Published online by Cambridge University Press: 05 June 2012
The years of the third decade of the present century were heady times. Old social orders were being swept away, monarchies becoming republics and the United States of America was emerging as a world power. In physics too, revolutions were taking place, none more potent than that which resulted in the emergence of quantum mechanics as a model for the behaviour of sub-atomic particles.
It was Newton who first suggested that light was particulate but during the nineteenth century this view had fallen into neglect. Indeed a number of experiments, for example the classic Young's slits experiment, demonstrated quite conclusively that light was a wave motion. How else could interference fringes occur? However, the experiments on the photoelectric effect demonstrated just as conclusively that light energy was carried in packets, or quanta, and that a continuous wave description was not applicable.
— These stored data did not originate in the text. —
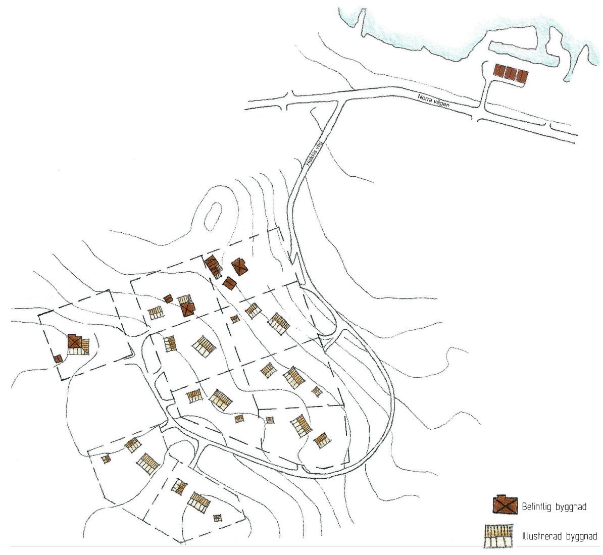
ILLUSTRATION (skala 1:3000 i A2-format)

Detaljplan för del av fastigheten KURRAVAARA 3:3 m.fl. Kurravaara, KIRUNA KOMMUN, Norrbottens län KIRUNA KOMMUN, plankontoret oktober 2013 rev. november 2013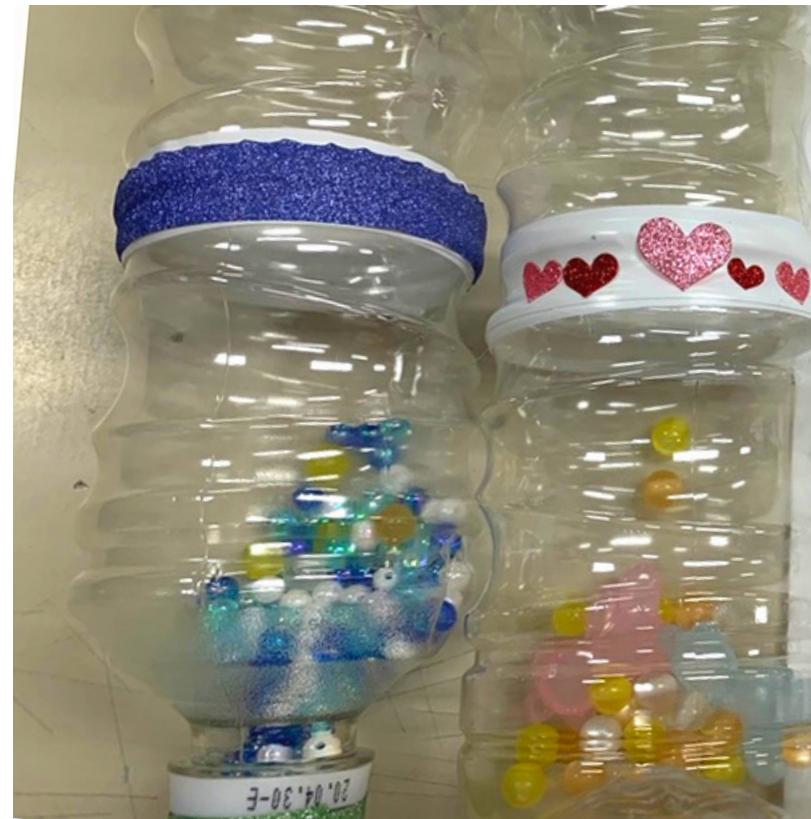
2. ペットボトルマラカス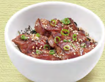
ミニステーキ丼 580 (税込638)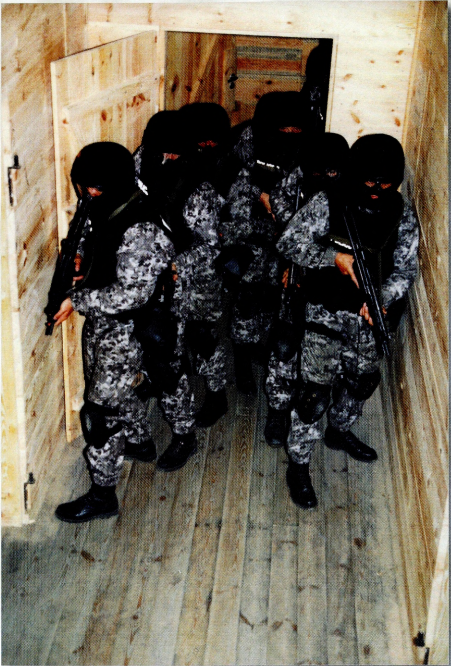
Ryc. 2. Szkolenie taktyczne pododdziału antyterrorystycznego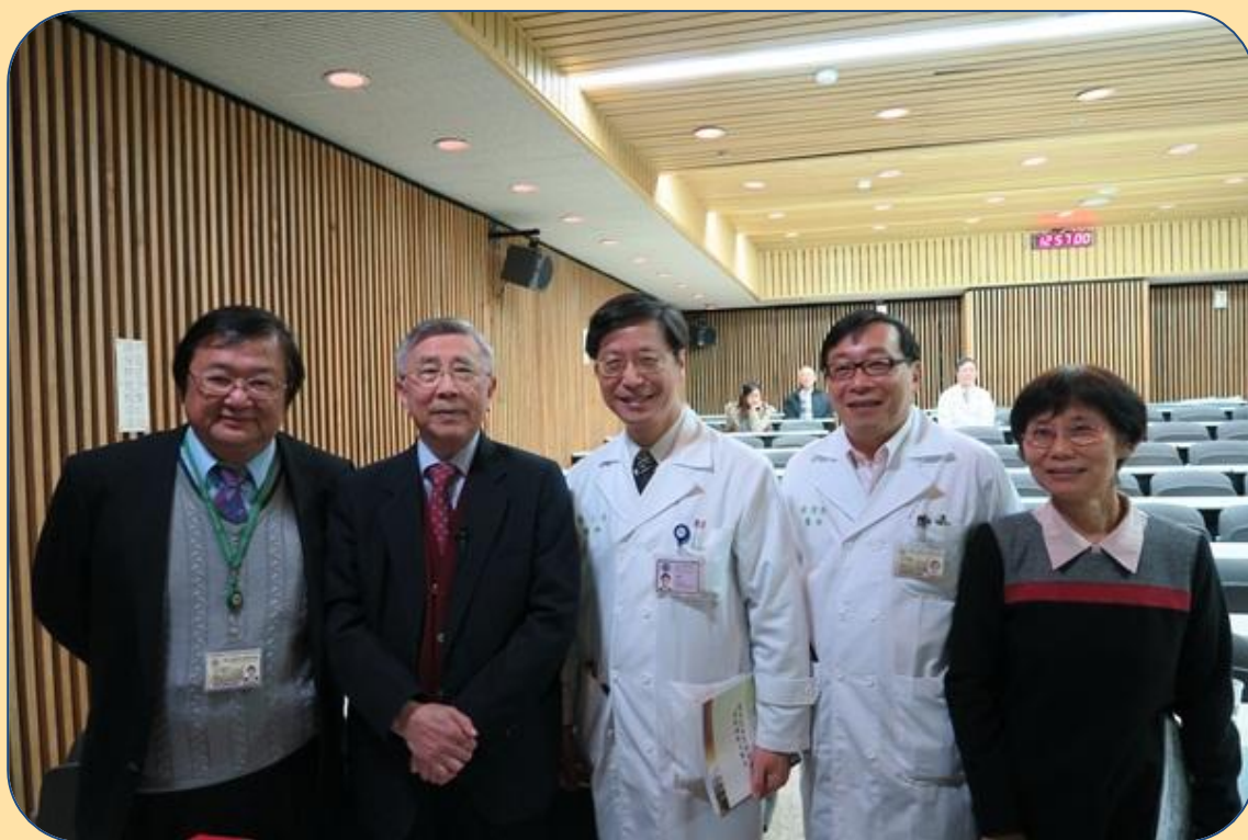
家醫科邱泰源教授(左一)、李明亮教授、臺大醫學院張上淳院長、楊偉勛所長、藥理科 陳青周教授(右一)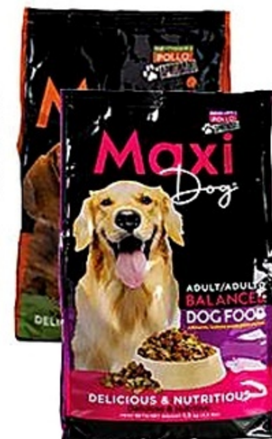
Maxi Dog Alimento Perro Variedad Fdo. de 3.3 lb Reg. 5.49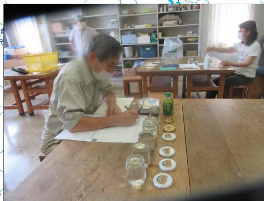
飯盛川と大谷川の水質測定(富士見市民センター)を行う鶴ヶ島の自然を守る会・生活クラブ生協鶴ヶ島支部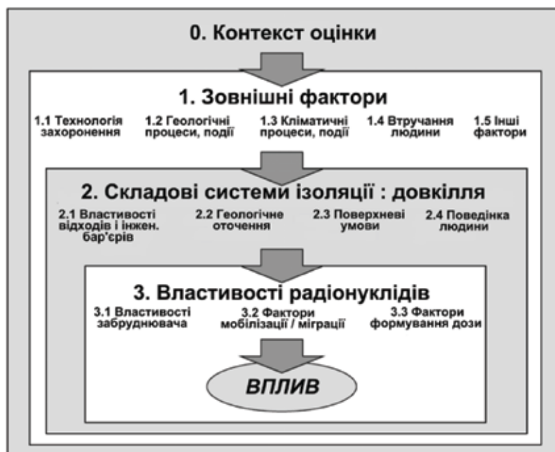
Рис. 2. Організаційна структура міжнародної бази даних властивостей, подій і процесів, що дозволяють оцінити безпеку систем геологічної ізоляції РАВ [8].

Важливим аспектом цієї бази даних є те, що вона включає нульову групу ВПП — «Контекст оцінки», де міститься перелік можливих кінцевих цілей виконання аналізу безпеки (оцінка доз; оцінка ризиків; оцінка концентрації радіонуклідів в біосфері, тощо). Саме попередньо вибрана кінцева мета і є визначальною для складу ВПП, що можуть сприяти її досягненню.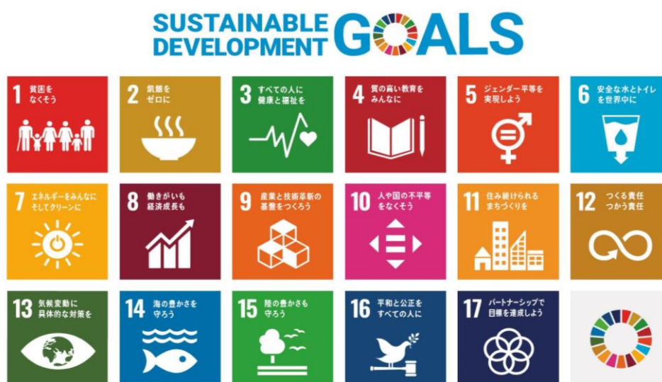
西宮市食品衛生監視指導計画とSDGsとの関係

平成27年の「国連持続可能な開発サミット」において、「持続可能な開発のための2030アジェンダ」とその17の「持続可能な開発目標（SDGs）」が採択されました。SDGs（Sustainable Development Goals）では、経済・社会・環境の3つの側面のバランスがとれた持続可能な開発に際して、複数目標の統合的な解決を図ることが掲げられています。本計画においては、市民、事業者、行政がそれぞれの役割を認識し、相互に連携・協働しながら取組みを進めることにより、特に以下に挙げるSDGsの3つの目標達成に寄与することが期待されています。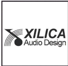
史力卡数字音频处理矩阵

This ‘wave or particle’ dilemma was not unique to the behaviour of light. J. J. Thompson showed that cathode rays were charged, had a well defined mass and had all the properties expected of a beam of particles. Nevertheless, Davisson and Germer showed that diffraction of electrons could take place, an effect made visually much more dramatic by G. P. Thompson's transmission electron diffraction patterns. Nowadays, electron diffraction is used as a routine analytical tool in all advanced metallurgical and materials science laboratories (Fig. 2.1). Clearly new axioms were required.